Jerusalem Park Inspired by NYC’s High Line
An old train track on Manhattan’s West Side has been transformed into an urban-ecological paradise. Over the past decade, Jerusalem has been trying something similar with its Train Track Park, which links neighborhoods that would otherwise have little do with each other.
Architect Yair Avigdor and landscape architect Shlomi Zeevi have been busy planning and developing Train Track Park on the historic railway between the old train station near the German Colony and the edge of the new Malkha station near the Biblical Zoo.
It’s an important link in the ring of parks going up around Jerusalem. At the edges are exclusive neighborhoods like the Greek Colony, as well as less wealthy neighborhoods like Katamonim and Beit Safafa.

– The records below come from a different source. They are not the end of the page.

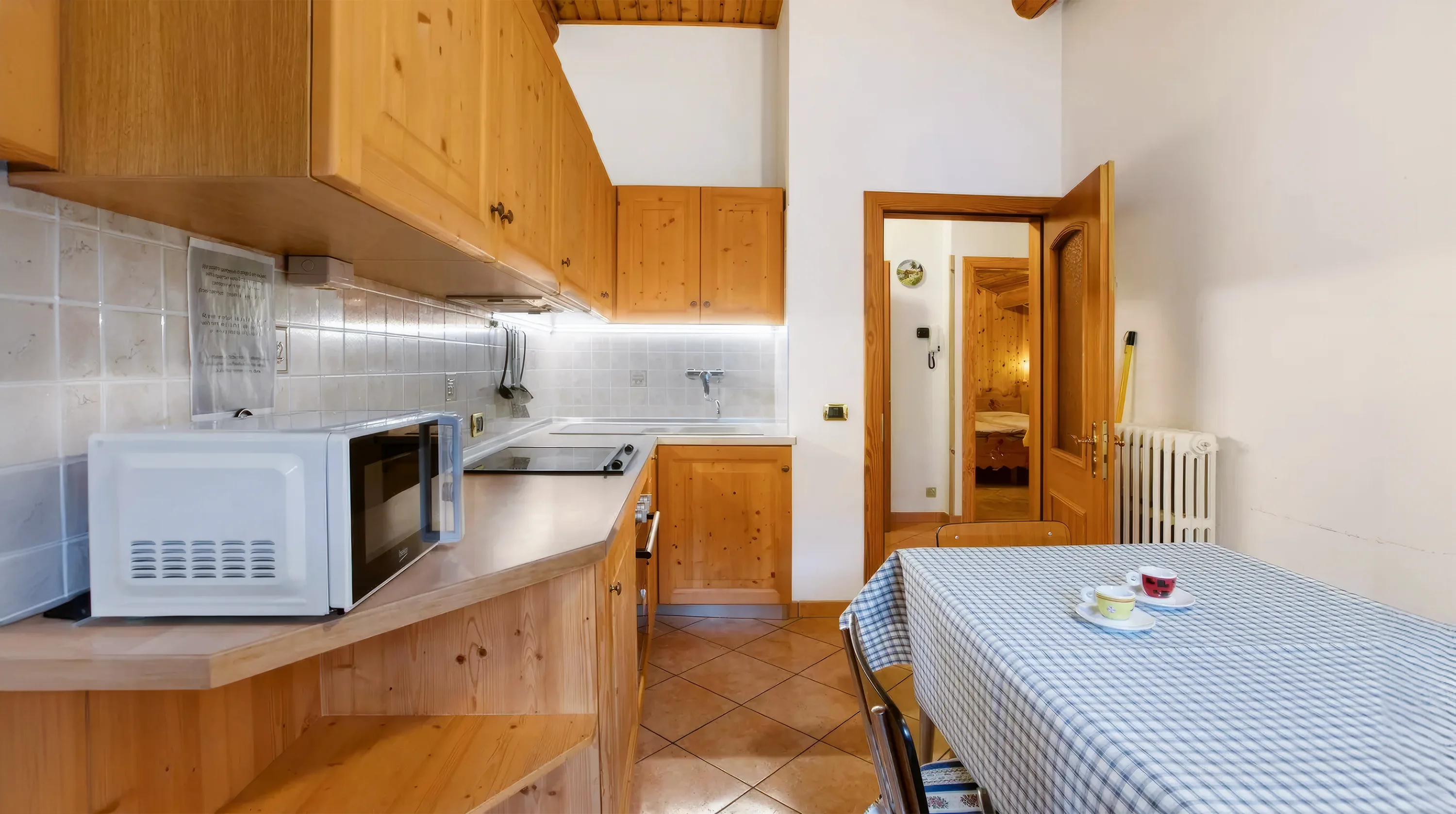 Der Wohn/Ess- und Küchenbereich ist voll ausgestattet mit einer Spülmaschine, einem Glaskeramik-Kochfeld, einen Ofen, Geschirr sowie Satellitenfernsehen mit internationalen Kanälen. Bettwäsche und Handtücher werden zur Verfügung gestellt.
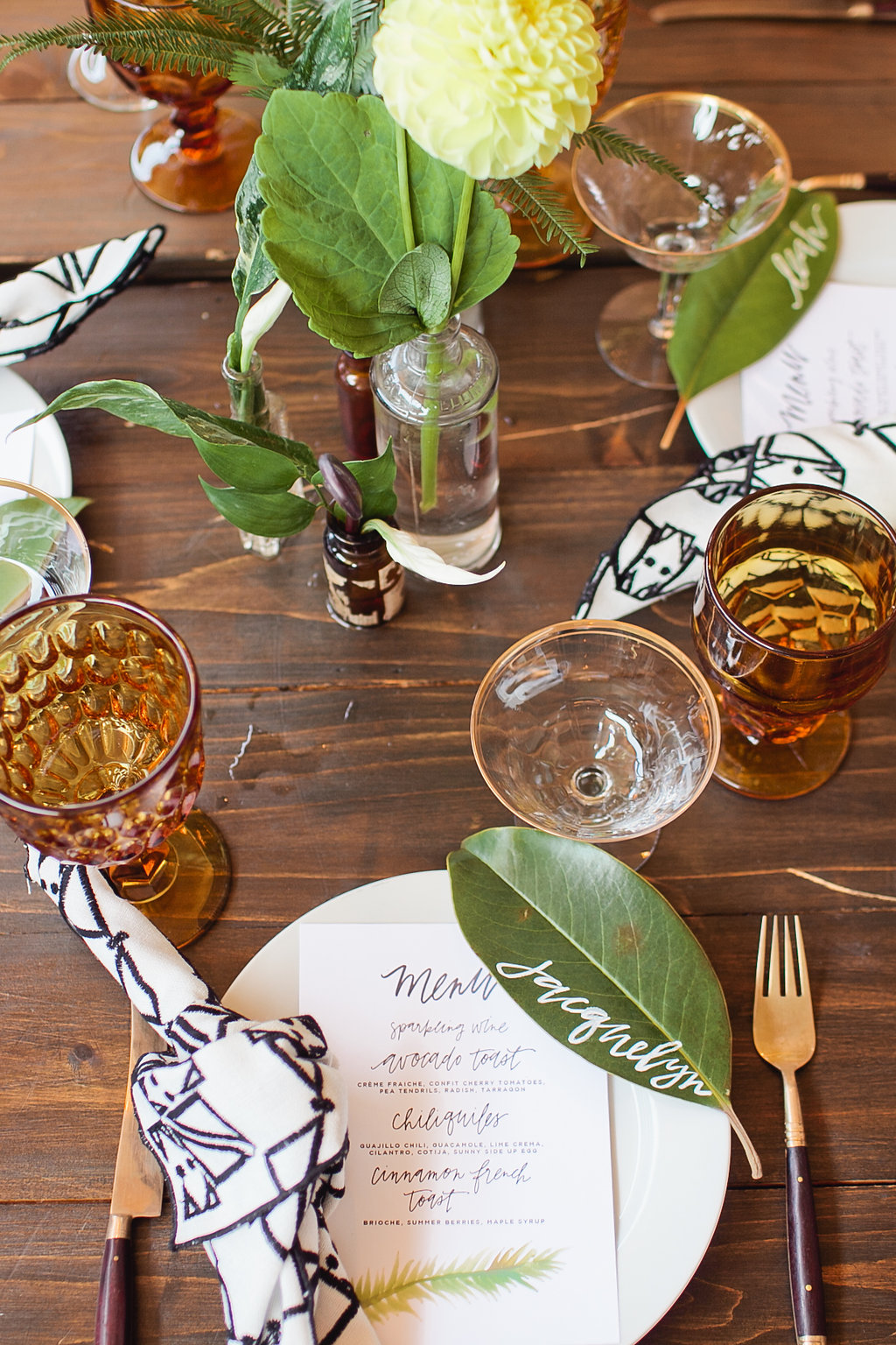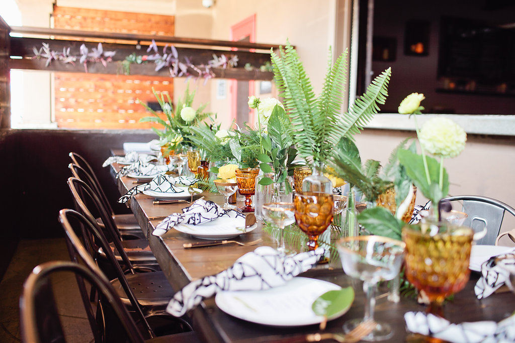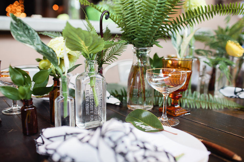 Now a peek at the actual party to see the vision board come to life….We loved the idea of the vintage vases all down the middle of the table mixed with different types and ferns, adding our own styled twist and pop of yellow.
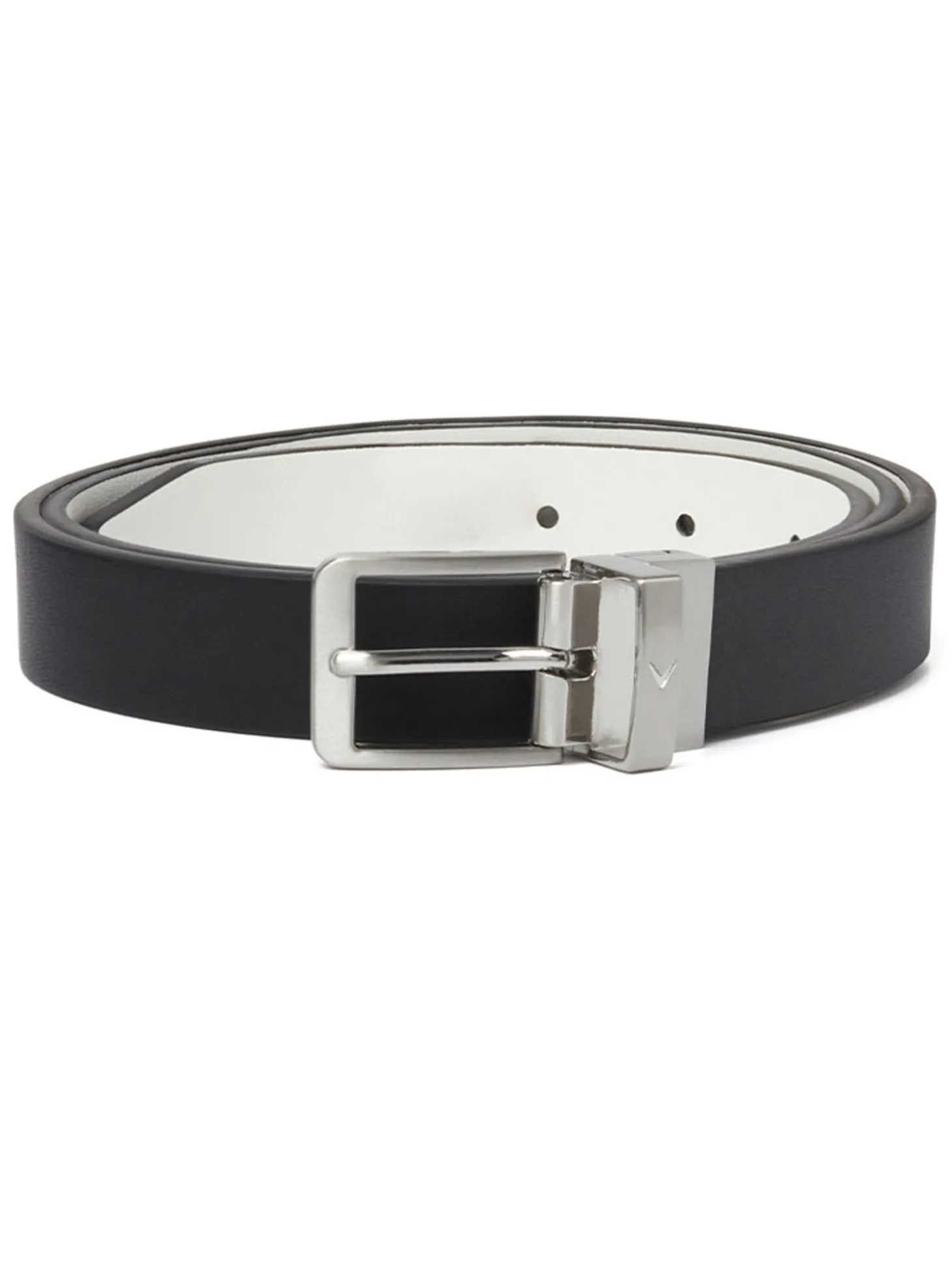The Callaway Women’s Reversible Sleek Belt is crafted from durable split leather, with a reversible design that gives you two versatile looks in one. The ladies’ belt is finished with a classic prong buckle with a debossed chevron logo on the loop.

Along the path south of the Khan train station, the tree saplings along the route haven’t had time to grow, and the spring sun beats down hard on passersby.
“In Jerusalem there is a pleasant sense of expanses and open spaces because of its topography, and when you walk in the city you feel a lot of green,” says Avigdor. “But precisely because of the topography, the number of areas convenient to use is relatively small, and entire neighborhoods have no access to parks.”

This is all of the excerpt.